We made it to MI road and, exhausted, hired a cyclo driver to take us the rest of the way to the Raj Mandir movie theater, to check what was showing.  Unfortunately, the only movie showing was “Beware of Guest,” a cheesy movie that we had already watched on an overnight bus.  So my plan of escaping the heat by watching a Bollywood movie was out the window.  We started walking back to the restaurant where we had planned to eat, but just around the corner we encountered a McDonald’s.  George mentioned that we should try McDonald’s sometime in India to see what they serve here, and I figured, why not now?  Sitting in the air conditioned room was a welcome relief.  We tried the Maharaja Chicken Mac and the Veggie Sandwich, both interesting, but not excellent.  We tried to get a refill of our soda, but they didn’t understand and when they asked the manager he said, no, they couldn’t do that, so we bought another soda in a new cup, instead.  We thought it was McDonald’s, so it should be like back home, but not exactly.

So now what?  It was only early afternoon and we had already run out of things to do.  We checked the government run emporium, to compare prices and quality with the items at the bazaars, but there was nothing I was interested in there.  We considered going to the palace which we had skipped, but we still didn’t want to pay the 300 rupees per person admission price. So we went back down MI road toward the train station to Café Coffee Day, where we had planned to spend the late evening hours.  We ordered a drink and I worked on typing posts while George read the guide book.

Copper Chimney Restaurant

For dinner we didn’t want to go all the way back to the restaurant we skipped at lunchtime, so we found a closer one in the guide book.  We ate at Copper Chimney, which was a fancy expensive restaurant.  We paid over $10 for a meal for the first time in India!  The stuffed tomato curry and tikka chicken were good, but not better than the food we had gotten at much less expensive restaurants.  We did get clean silverware sets, which was a nice change.  After dinner, a bit more shopping to kill time and then back to Café Coffee day to wait.

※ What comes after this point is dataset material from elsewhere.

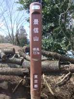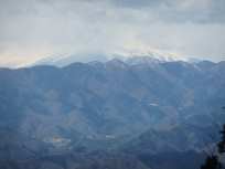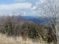 | 景信山からは、これから歩く北高尾の山々、奥多摩の山々なのかな、こちら側の山は近いこともあって、綺麗に見えていました。 山の色としては、まだまだ“冬”の衣を纏っているようです。 高尾山を上って景信山で昼食というコースもいいかも…。 |

Overall, I was disappointed with Jaipur.  It could be a wonderful city, with its sites and shopping, but the endless touts ruined it.  And it was depressing to see the poverty.  It was the most noticeable here out of the places we have visited thus far in India.  Men and even children sleeping on the street and begging for food.  It’s heartbreaking, especially to see children that way.  And even the cyclo drivers look like they are barely getting by peddling around tourists in the over 100 degree Fahrenheit weather.

Tomorrow a new day and a new city.  We are taking a midnight train, 3 AC this time, and will arrive in Jaisalmer at 11:30am.